Exercise requirements:
An exact copy of every record is the required answer.
*****
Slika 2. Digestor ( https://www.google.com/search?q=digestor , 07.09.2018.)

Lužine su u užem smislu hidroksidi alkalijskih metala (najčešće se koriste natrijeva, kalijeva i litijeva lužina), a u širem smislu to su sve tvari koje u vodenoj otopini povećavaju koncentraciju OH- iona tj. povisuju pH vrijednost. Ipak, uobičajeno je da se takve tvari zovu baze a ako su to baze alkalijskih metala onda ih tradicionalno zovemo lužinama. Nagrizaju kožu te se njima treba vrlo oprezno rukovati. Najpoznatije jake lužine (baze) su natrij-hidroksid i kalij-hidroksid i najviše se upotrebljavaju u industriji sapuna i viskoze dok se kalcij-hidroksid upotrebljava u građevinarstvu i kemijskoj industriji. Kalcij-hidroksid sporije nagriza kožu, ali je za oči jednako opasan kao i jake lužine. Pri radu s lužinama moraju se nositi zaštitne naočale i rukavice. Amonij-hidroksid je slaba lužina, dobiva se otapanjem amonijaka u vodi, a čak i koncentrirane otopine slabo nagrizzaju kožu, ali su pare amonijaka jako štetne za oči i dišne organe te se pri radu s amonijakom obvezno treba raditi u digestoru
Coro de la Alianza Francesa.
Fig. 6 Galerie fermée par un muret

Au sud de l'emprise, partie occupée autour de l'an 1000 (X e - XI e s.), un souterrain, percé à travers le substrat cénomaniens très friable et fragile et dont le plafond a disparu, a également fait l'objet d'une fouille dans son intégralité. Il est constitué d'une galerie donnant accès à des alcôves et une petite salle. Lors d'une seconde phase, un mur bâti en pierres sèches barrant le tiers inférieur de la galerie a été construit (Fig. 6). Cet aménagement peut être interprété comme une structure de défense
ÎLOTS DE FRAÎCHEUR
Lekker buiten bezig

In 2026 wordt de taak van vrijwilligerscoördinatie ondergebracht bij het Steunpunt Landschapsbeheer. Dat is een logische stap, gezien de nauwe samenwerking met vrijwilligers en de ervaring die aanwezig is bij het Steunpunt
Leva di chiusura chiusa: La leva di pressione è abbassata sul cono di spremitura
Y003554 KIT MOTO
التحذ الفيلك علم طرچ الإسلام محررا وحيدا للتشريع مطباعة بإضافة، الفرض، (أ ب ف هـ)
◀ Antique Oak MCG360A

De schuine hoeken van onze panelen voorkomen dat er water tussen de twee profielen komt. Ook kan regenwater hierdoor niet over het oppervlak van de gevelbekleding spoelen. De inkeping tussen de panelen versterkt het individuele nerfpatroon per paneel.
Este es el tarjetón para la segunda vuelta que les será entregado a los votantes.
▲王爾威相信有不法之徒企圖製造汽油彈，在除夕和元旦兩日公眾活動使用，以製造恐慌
*****
Answer to the problem:
Slika 2. Digestor ( https://www.google.com/search?q=digestor , 07.09.2018.)

Lužine su u užem smislu hidroksidi alkalijskih metala (najčešće se koriste natrijeva, kalijeva i litijeva lužina), a u širem smislu to su sve tvari koje u vodenoj otopini povećavaju koncentraciju OH- iona tj. povisuju pH vrijednost. Ipak, uobičajeno je da se takve tvari zovu baze a ako su to baze alkalijskih metala onda ih tradicionalno zovemo lužinama. Nagrizaju kožu te se njima treba vrlo oprezno rukovati. Najpoznatije jake lužine (baze) su natrij-hidroksid i kalij-hidroksid i najviše se upotrebljavaju u industriji sapuna i viskoze dok se kalcij-hidroksid upotrebljava u građevinarstvu i kemijskoj industriji. Kalcij-hidroksid sporije nagriza kožu, ali je za oči jednako opasan kao i jake lužine. Pri radu s lužinama moraju se nositi zaštitne naočale i rukavice. Amonij-hidroksid je slaba lužina, dobiva se otapanjem amonijaka u vodi, a čak i koncentrirane otopine slabo nagrizzaju kožu, ali su pare amonijaka jako štetne za oči i dišne organe te se pri radu s amonijakom obvezno treba raditi u digestoru
Coro de la Alianza Francesa.
Fig. 6 Galerie fermée par un muret

Au sud de l'emprise, partie occupée autour de l'an 1000 (X e - XI e s.), un souterrain, percé à travers le substrat cénomaniens très friable et fragile et dont le plafond a disparu, a également fait l'objet d'une fouille dans son intégralité. Il est constitué d'une galerie donnant accès à des alcôves et une petite salle. Lors d'une seconde phase, un mur bâti en pierres sèches barrant le tiers inférieur de la galerie a été construit (Fig. 6). Cet aménagement peut être interprété comme une structure de défense
ÎLOTS DE FRAÎCHEUR
Lekker buiten bezig

In 2026 wordt de taak van vrijwilligerscoördinatie ondergebracht bij het Steunpunt Landschapsbeheer. Dat is een logische stap, gezien de nauwe samenwerking met vrijwilligers en de ervaring die aanwezig is bij het Steunpunt
Leva di chiusura chiusa: La leva di pressione è abbassata sul cono di spremitura
Y003554 KIT MOTO
التحذ الفيلك علم طرچ الإسلام محررا وحيدا للتشريع مطباعة بإضافة، الفرض، (أ ب ف هـ)
◀ Antique Oak MCG360A

De schuine hoeken van onze panelen voorkomen dat er water tussen de twee profielen komt. Ook kan regenwater hierdoor niet over het oppervlak van de gevelbekleding spoelen. De inkeping tussen de panelen versterkt het individuele nerfpatroon per paneel.
Este es el tarjetón para la segunda vuelta que les será entregado a los votantes.
▲王爾威相信有不法之徒企圖製造汽油彈，在除夕和元旦兩日公眾活動使用，以製造恐慌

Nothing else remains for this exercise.